+++ Study material

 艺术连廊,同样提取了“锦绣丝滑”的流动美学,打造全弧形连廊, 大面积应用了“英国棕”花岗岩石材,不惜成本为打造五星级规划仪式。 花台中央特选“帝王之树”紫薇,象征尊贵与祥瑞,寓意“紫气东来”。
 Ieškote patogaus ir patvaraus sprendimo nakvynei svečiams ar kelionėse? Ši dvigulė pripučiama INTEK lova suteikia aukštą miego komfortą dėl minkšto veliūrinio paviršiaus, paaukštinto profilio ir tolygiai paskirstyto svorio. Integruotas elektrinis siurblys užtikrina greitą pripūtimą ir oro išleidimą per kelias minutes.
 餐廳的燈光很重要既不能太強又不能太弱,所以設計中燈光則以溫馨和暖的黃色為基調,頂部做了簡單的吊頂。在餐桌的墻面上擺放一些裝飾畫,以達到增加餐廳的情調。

++++++
+++ Study material

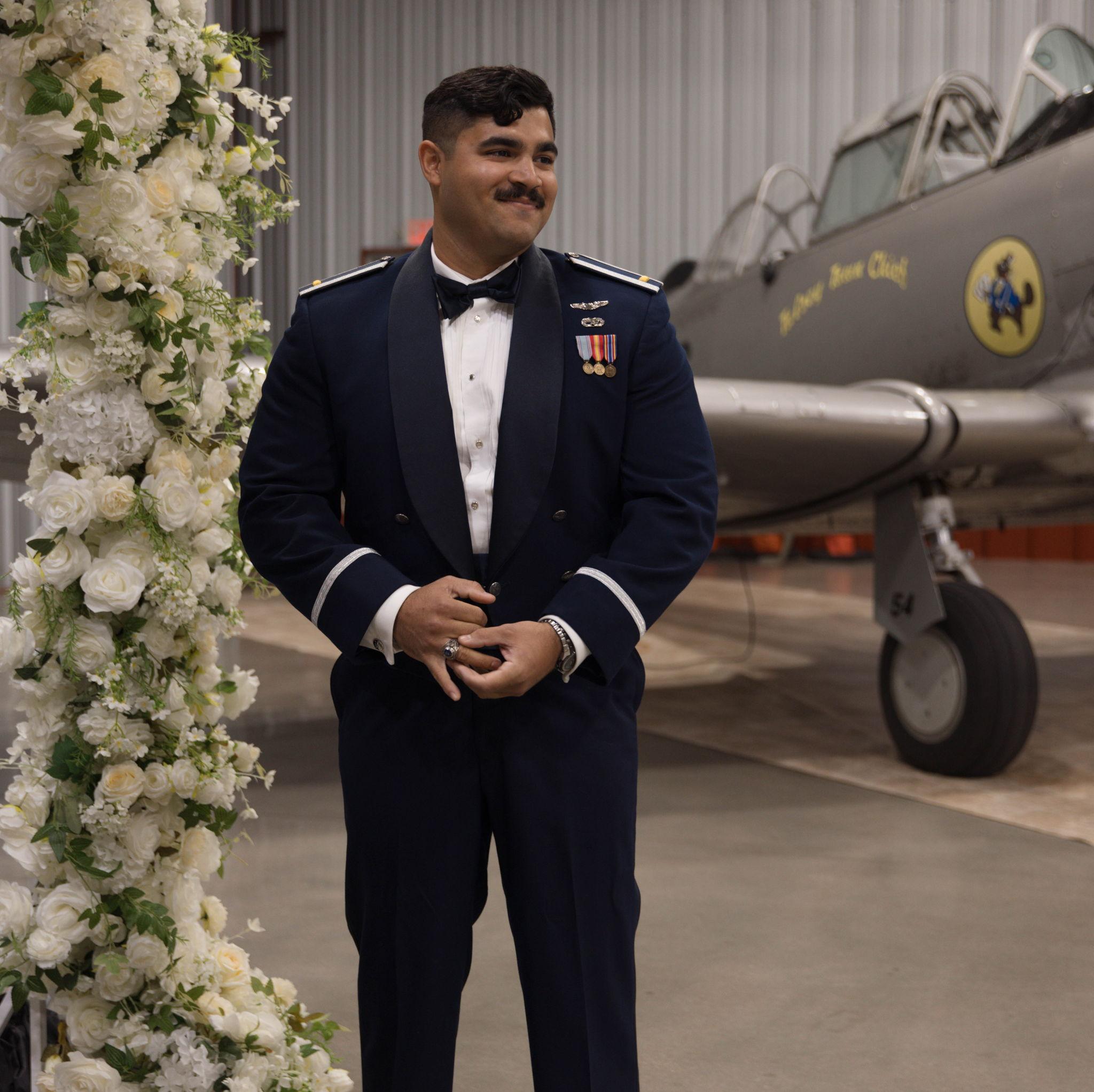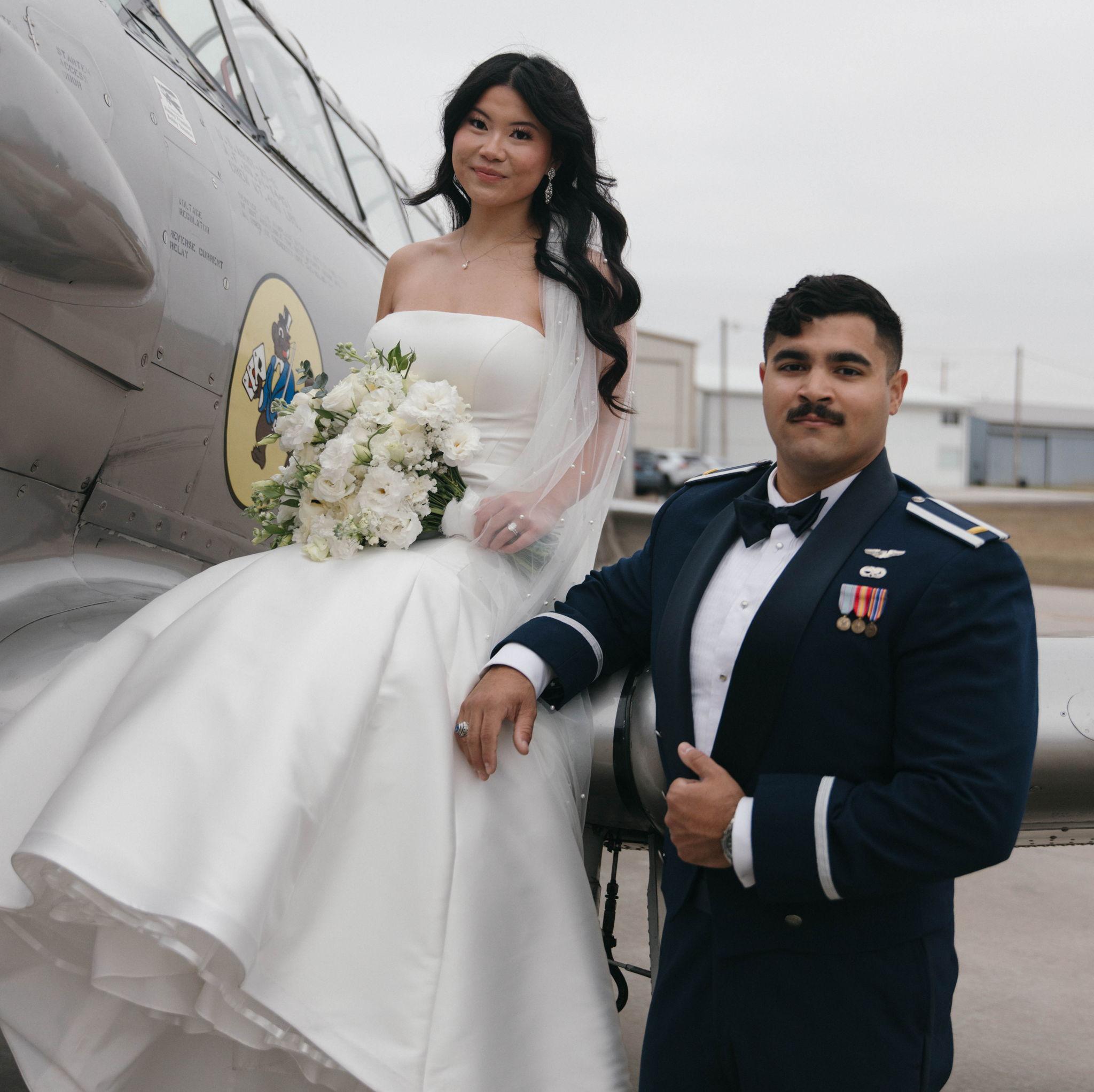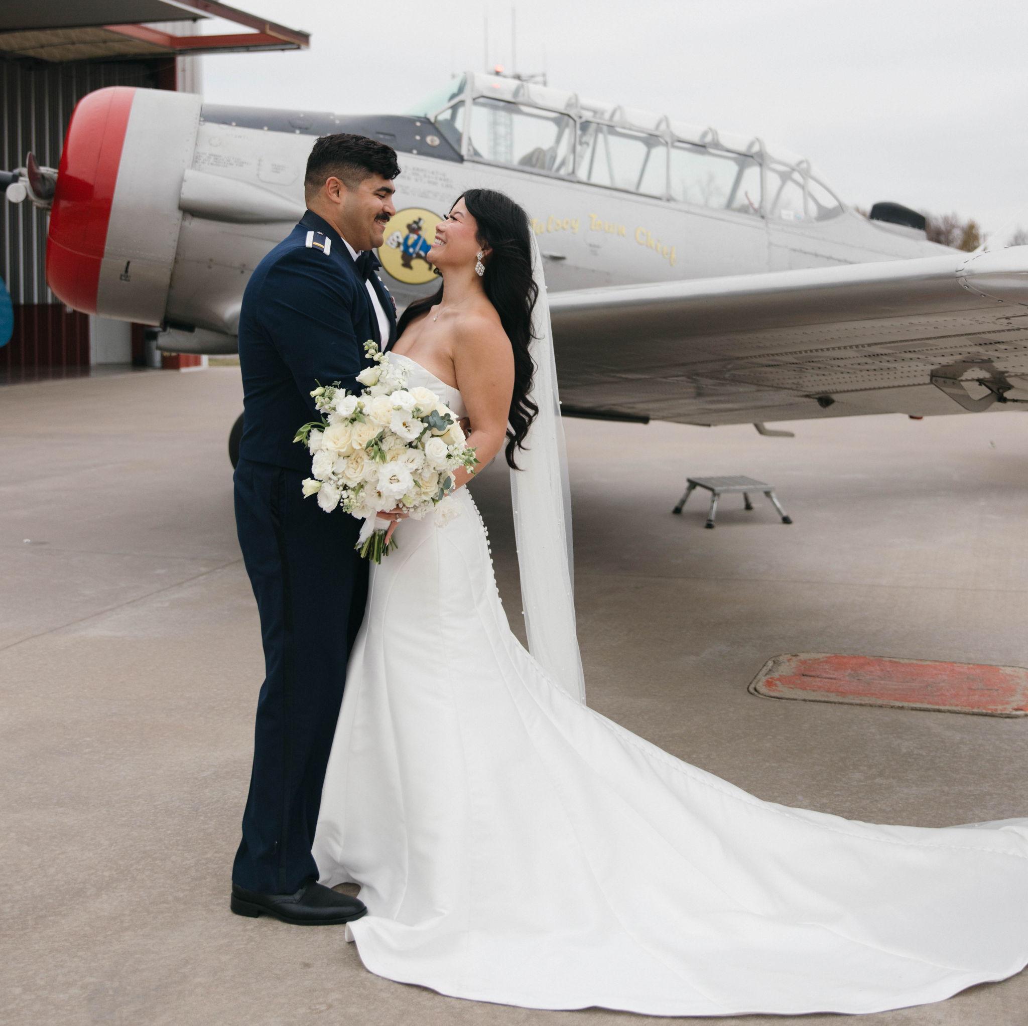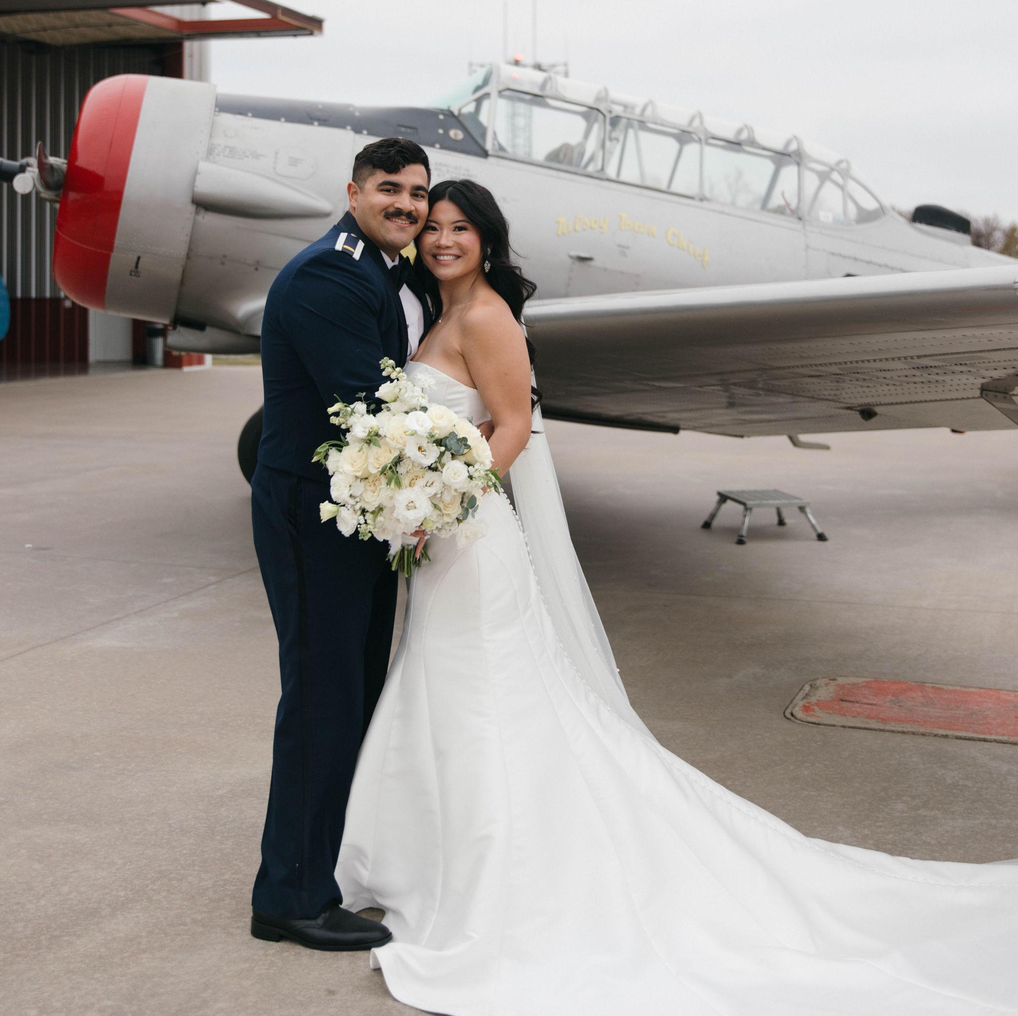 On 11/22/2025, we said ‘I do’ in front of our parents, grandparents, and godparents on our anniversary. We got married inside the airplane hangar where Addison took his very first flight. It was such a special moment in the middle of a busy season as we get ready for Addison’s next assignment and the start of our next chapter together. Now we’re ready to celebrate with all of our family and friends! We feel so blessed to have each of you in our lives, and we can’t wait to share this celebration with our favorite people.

++++++

Task statement: Reproduce verbatim only the segment of the listing bounded by the line containing "Ieškote patogaus ir" and the line containing "餐廳的燈光很重要既不能太強又", with both boundary lines included.

Exercise output:
 Ieškote patogaus ir patvaraus sprendimo nakvynei svečiams ar kelionėse? Ši dvigulė pripučiama INTEK lova suteikia aukštą miego komfortą dėl minkšto veliūrinio paviršiaus, paaukštinto profilio ir tolygiai paskirstyto svorio. Integruotas elektrinis siurblys užtikrina greitą pripūtimą ir oro išleidimą per kelias minutes.
 餐廳的燈光很重要既不能太強又不能太弱,所以設計中燈光則以溫馨和暖的黃色為基調,頂部做了簡單的吊頂。在餐桌的墻面上擺放一些裝飾畫,以達到增加餐廳的情調。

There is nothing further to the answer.